We made our way toward the video game center to kill some time.
We played some Pachinko & Coin Machines which are currently all the rage in Japan.
There were also some very “old-skool” video games available!After which, our bus arrived and we had a good sleep on our journey back to Tokyo
It was way past dinner by the time we arrived at Shinjuku station
.We made our way then, to a local Izakaya
in Omoide Yokocho
Omoide Yokocho is a vicarious visit down memory lane.
To enter Omoide Yokocho – is to travel back decades, to the time when life was hard and pleasures were simple. While most of the rest of Tokyo
has been extensively redeveloped several times over, in most areas into the modern city you see today, this pocket of narrow alleys in Shinjuku remains firmly entrenched in the middle of the last century.

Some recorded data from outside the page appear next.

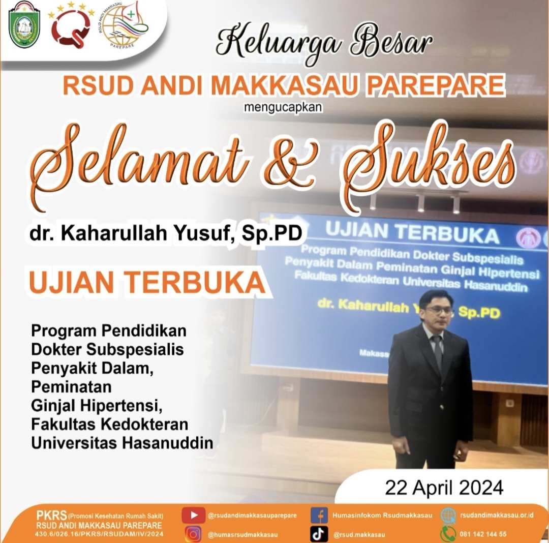 PAREPARE, KLUPAS.COM – Keluarga Besar dan manajemen RSUD Andi Makkasau Kota Parepare mengucapkan selamat dan sukses atas Ujian Terbuka dr Kaharullah Yusuf Sp.PD.
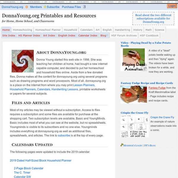 Donnayoung.org offers printable resources for home, homeschooling, and school, homeschool planners, homeschool planning tips with lesson plan examples, printable calendars, printable. Donna young printables and resources free printable for homeschooling on a variety of subjects including planning pages, math drill, handwriting pages, art lessons, etc. Donna young offers the largest selection of printable homeschool planners. Printable calendars made by donna young. Donna young's amazing website is definitely the place to start when you're looking for free homeschooling resources.
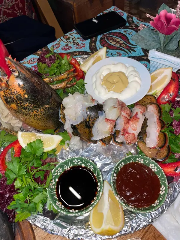 이어서 랍스터 요리가 나왔다. 윤기가 흐르는 랍스터 살은 보는 것만으로도 군침이 돌았다. 포크로 살을 조심스럽게 발라내어 입에 넣으니, 부드러운 식감과 함께 달콤한 맛이 느껴졌다. 신선한 해산물을 맛보는 순간, 이곳이 왜 이스탄불에서 유명한 해산물 맛집인지 알 수 있었다.
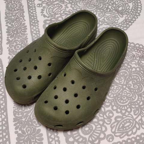 Kolmet Crocs-tyyppiset muovikengät ja Yhdet uimatossut. Kaikki kokoa 45.
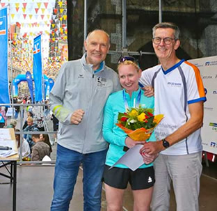 Die mit 2000 Euro dotierte Sonderwertung für die schnellste Deutsche ließ sich Maria Elisa Legelli aus Füssen erneut nicht entgehen, war aber weitaus früher im Ziel als bei ihrem letztjährigen Gewinn der Sonderwertung. Damals wurden für sie 2:49:27 h gestoppt, diesmal lief die 33-Jährige für Laufarena Allgäu bereits nach 2:40:39 h ins Ziel und verbesserte sich vom 7. auf den 4. Gesamtrang der Frauen. Erst in diesem Frühjahr lief sie persönliche Bestzeit beim London-Marathon und steigerte sich nun erneut: " trotz Wind ab Kilometer 25." Vor zwei Wochen wurde sie Bayerische Halbmarathon-Meisterin blieb dabei aber hinter ihrer Bestzeit von 1:16:38 h, die sie in Paris gelaufen war. Die Digitalisierungsexpertin in der Energiebranche ist eine Vielstarterin, ist im laufenden Jahr bereits 15 Rennen gelaufen, davon bei 13 mindestens Halbmarathon. Sie hat eine Vorliebe für Trails und gewann 2025 die 44 km lange Distanz beim Zugspitztrail. Für das kommende Jahr hat sie den Vienna City Marathon in Wien geplant.
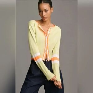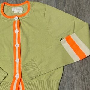 LIKE NEW - WORN ONCE IN EXCELLENT CONDITION! Women's Anthropologie lime green, orange and cream button down cardigan sweater. Great detailing, orange, cream stripes on sleeves. Crew neck, buttons down the front - great layered or alone. Measures 18" long from shoulder to bottom. Lightweight knit fabric blend. SIZE - MEDIUM
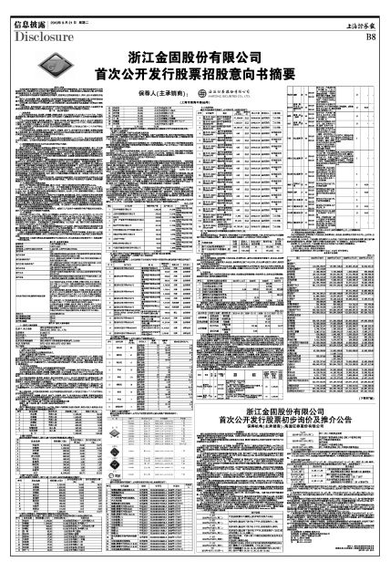 浙江金固股份有限公司首次公开发行股票招股意向书摘要
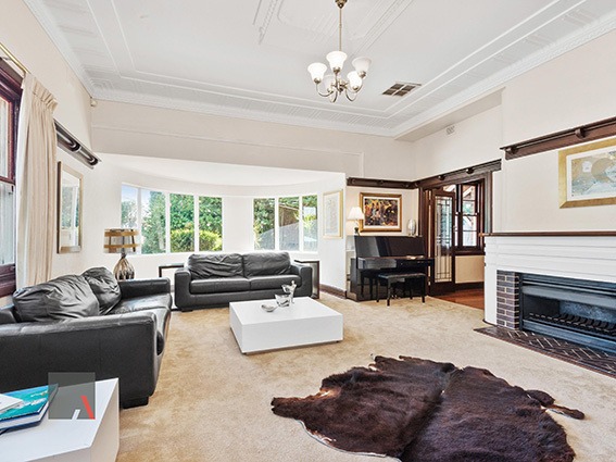 Built in the 1940s, this four-bedroom home has great art deco heritage, with soaring decorative ceilings, fireplaces, deep skirting, rich jarrah floors, lead light windows, and jarrah plate rails.
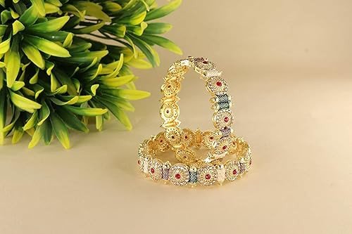 NMII's Traditional Gold Plated Alloy Metal Bangles Kada Set For Women & Girls. These Metal Bangles Set is Perfect to wear on Weddings, Party, Anniversary, Occasion, & Daily wear. It is Crafted from high-quality Metal Material & Zircon Diamond Stones. These are durable and features a vibrant color symbolizing love, passion, and new beginnings. The intricate design showcases NMII's skillful craftsmanship, ensuring you shine on your special day. The set also doubles as a versatile piece of bridal jewelry, complementing a wide range of outfits, including classic sarees and modern lehengas. NMII prides itself on offering the finest quality, timeless style, and unwavering commitment to tradition. The set is designed to make your day extra special, ensuring you look and feel your best. Elevate your bridal ensemble with NMII's Bangles Set and make memories that will last a lifetime. These NMII's Designer Bangles Set Have a Premium Finish and are Perfect for Weddings, Engagements, Functions, Festival, Rituals and Events. The Brand NMII sells all types of Glass Bangles, Metal Bangles, Acrylic Bangles, Chuda Sets, Kaleera Latkan Sets, Kadas, Bracelets, Women and Girls Traditional to Modern Jewellery, and many More. And Please Refer to our Size Chart to Know your Hand Size Precisely. To maintain longevity, clean bangles with a smooth cotton cloth, avoid direct water, perfume, deodorant, sunlight, and chemicals, and store them in an airtight zip-lock pouch. Thank You For Choosing NMII's Metal Bangles Collection. We are selling on Amazon Since 2016.
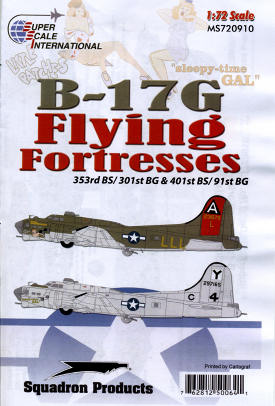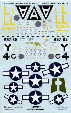 The other is another popular subject, 'Sleepy Time Gal'. This one is with the 353 BS/301 BG in Italy during 1944. It is overall unpainted metal with OD anti-glare panels on the nose and inner engine cowlings. The nose panel is included with the sheet. Both of these planes appear to have the upper nose astrodome, but I'd check references to verify their configuration just to be sure.
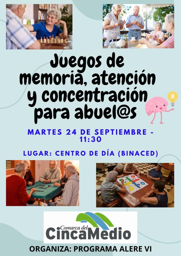 Juegos de atención y memoria para nuestr@s mayores Whatsapp: Juegos de atención y memoria para nuestr@s mayores Fecha 05 septiembre 2024 Actividad para el 24 de septiembre, dirigida a los mayores. Actividad de Comarca del Cinca Medio en el Centro de Día de Binaced. Galería imágenes cat: Eventos y fiestas, vaobulcary: 2663117
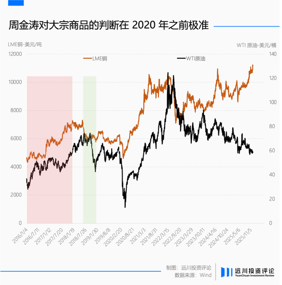 我们以伦敦铜和WTI原油为例,一直到2019年,周金涛的预测的确有一种“道破天机”的精准。

The entrance, with its modern illuminated sign, gives little clue as to what lies within. In fact, the first few shops are recent, rebuilt after the area was gutted by a fire. Venture further, though, and the alleys reveal their true colors – well, those that you can actually make out through the smoke and patina from the greasy grills of numerous hole-in-the-wall bars and eateries.This is the place to find those Blade Runner-esque low-life atmospherics that reside in many people’s imagined version of Tokyo/Japan/Asia.
It was only a few years ago that this area was rebranded and given the euphemistic name Omoide Yokocho; meaning “Memory Lane”. Before that. it was sometimes referred to as Yakitori Yokocho. But most Tokyoites still know and refer to it by its longstanding nickname, Shomben Yokocho – meaning; “Piss Alley”. This, even though the area now boasts modern restrooms, rather than the dank, cranky facilities of yesterday.Call it what you like, you’ll find this colorful block just outside JR Shinjuku station on east exit for Kabukicho.